Dataset based on the public domain dataset "Biblioteca Digital. Documentos en dominio público"
This Dataset is based on the 11 april of 2023 it could have change in the future.
| Field | Description |
|---|---|
| title | Title of the document |
| Author | Author or authors of the document |
| date | Date of the document |
| origin_country | Country of the document |
| language | Language of the document |
| subject | Subject of the document |
| genre | Genre of the document |
| digital_version | Digital version of the document |
| ocr | OCR version of the document |
| words | Number of words of the document |
| book_id | Identifier of the book |
| number_of_volumes | Indicate the number of volumes there are of the same book |
| entropy | Entropy of the document |
Entropy values can be compared with the ones in the file 'mean_entropy.csv' which contains the mean entropy of 5 texts in spanish that have been properly converted to digital format.
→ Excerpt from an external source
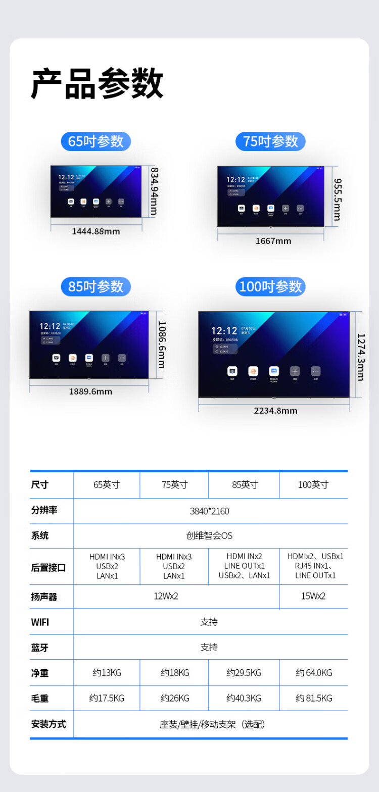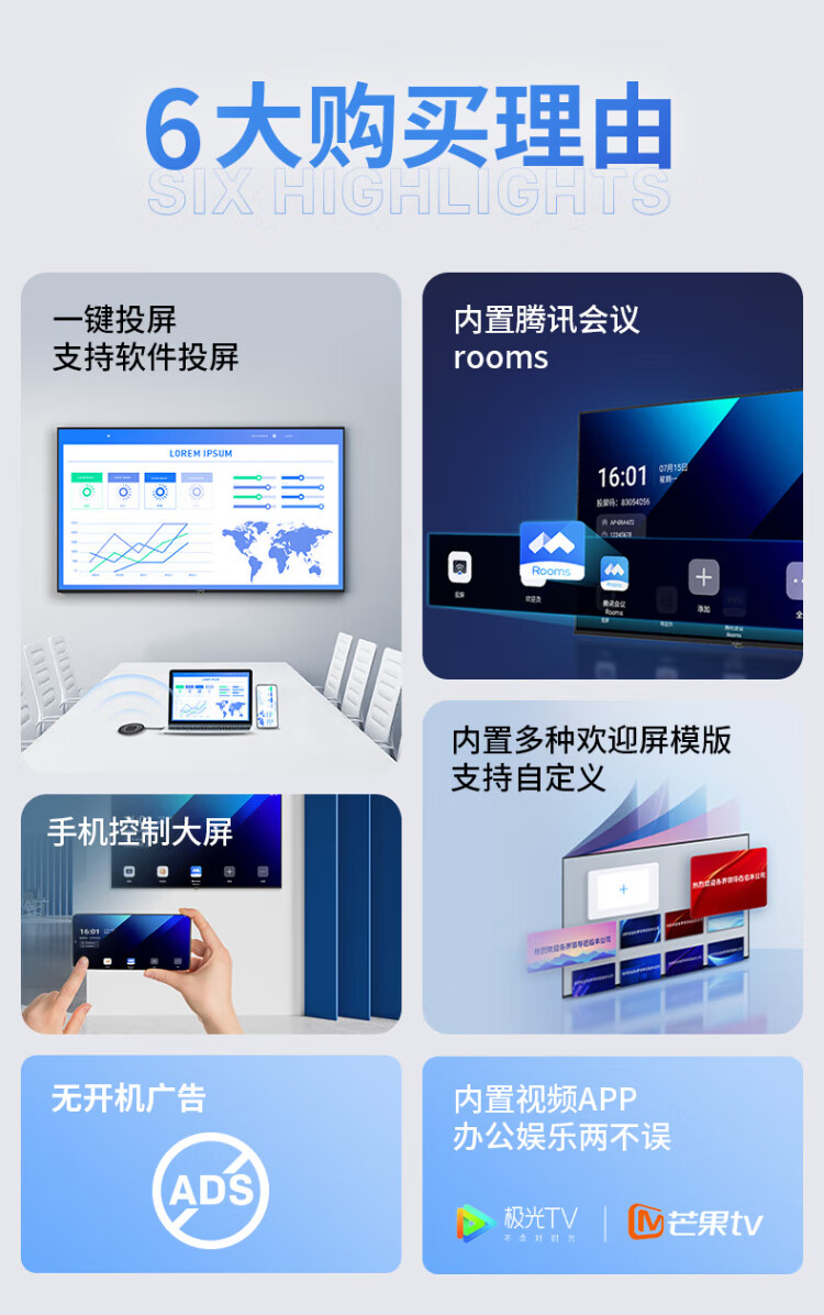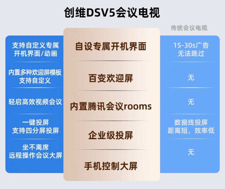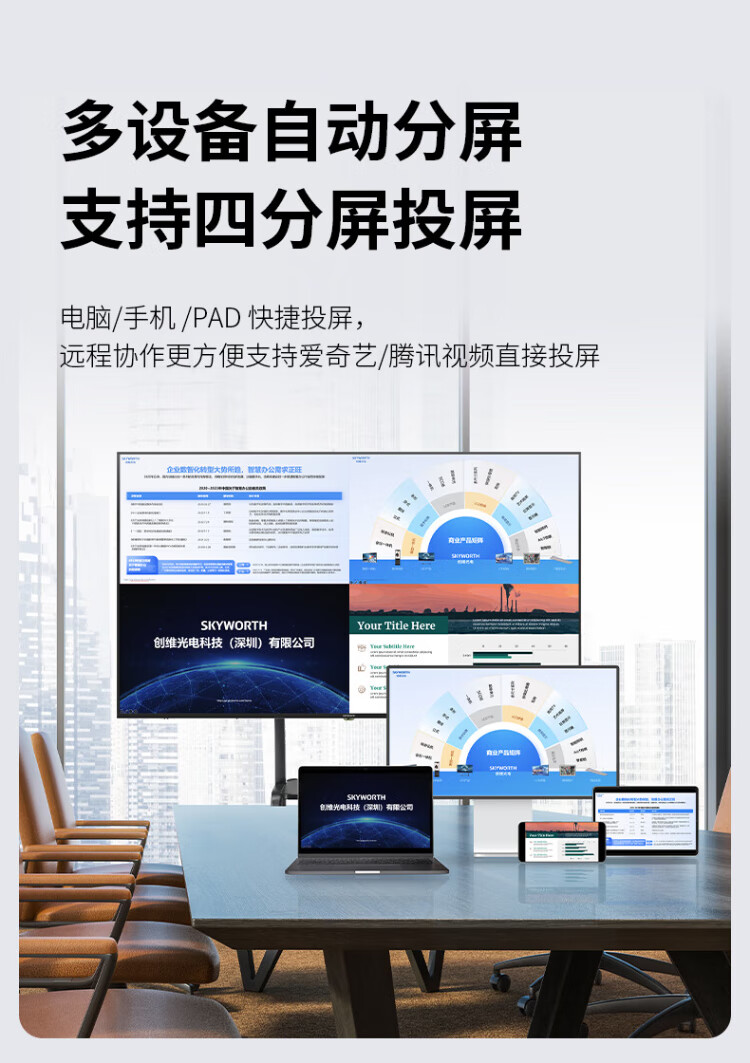 Skyworth 65-inch conference video conference flat-panel TV all-in-one 4K ultra-clear mobile ultra-thin wireless projection smart display office training commercial teaching large screen 65DSV5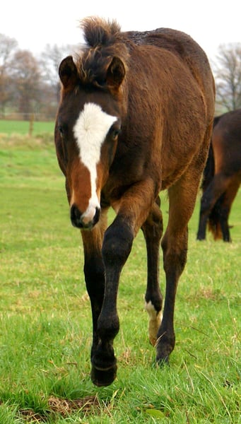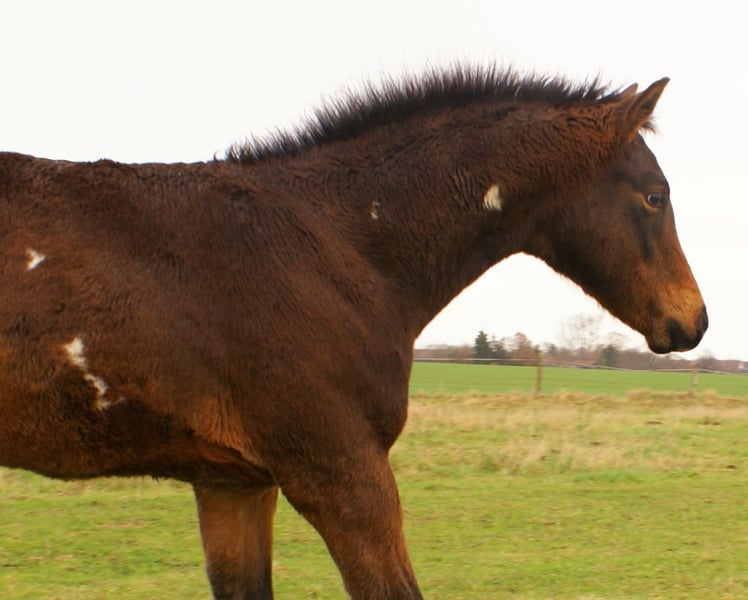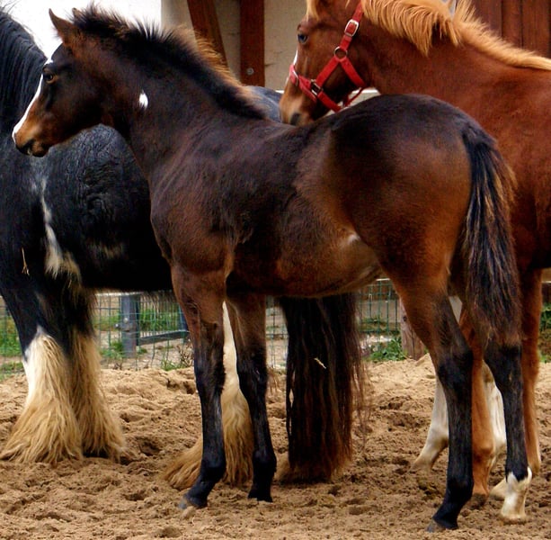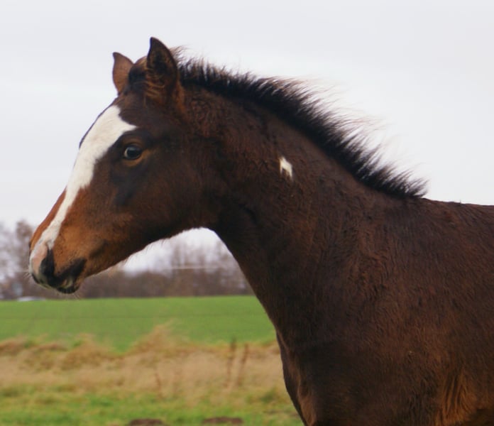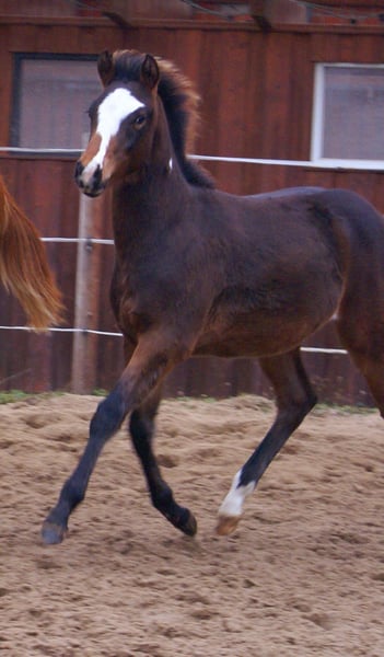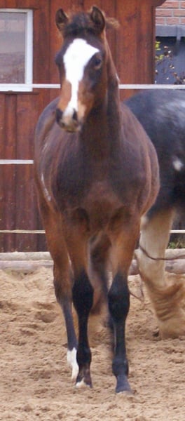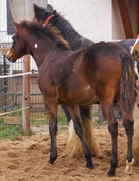 Charming Quarter Pony colt, dark bay with spots, sire: Paint Horse Kingsley n Jills Wood, dam: German Riding Pony by Kennedy WE. The foal comes with full papers and a passport from ZSSE. Raised alongside other foals, this friendly little heartbreaker features a distinctive blaze and a heart-shaped mark on its neck. Light-footed with expressive, large movements.

The process to get the values and to select the ns to be calculated in the entropy where obtain from an analysis done in the next paper. Where the authors analyze the entropy of spanish texts and between the things they find out one is that the n should be calculated between 1 and 18, to get the best results.
The file are made up of 2 parts, the first one is the id of the book and the second is the volume identifier, which goes from 0 to number_of_volumes - 1.
If its the first time you use this library you should download this file here and unzip it in the folder web_scraping/dominiopublico
Then you should run main.py, this will create a file containing all the books that are manuscripts and the ones that are books. This will take a while.
! I you had already run the program then this step just run main.py, it will do everything for you.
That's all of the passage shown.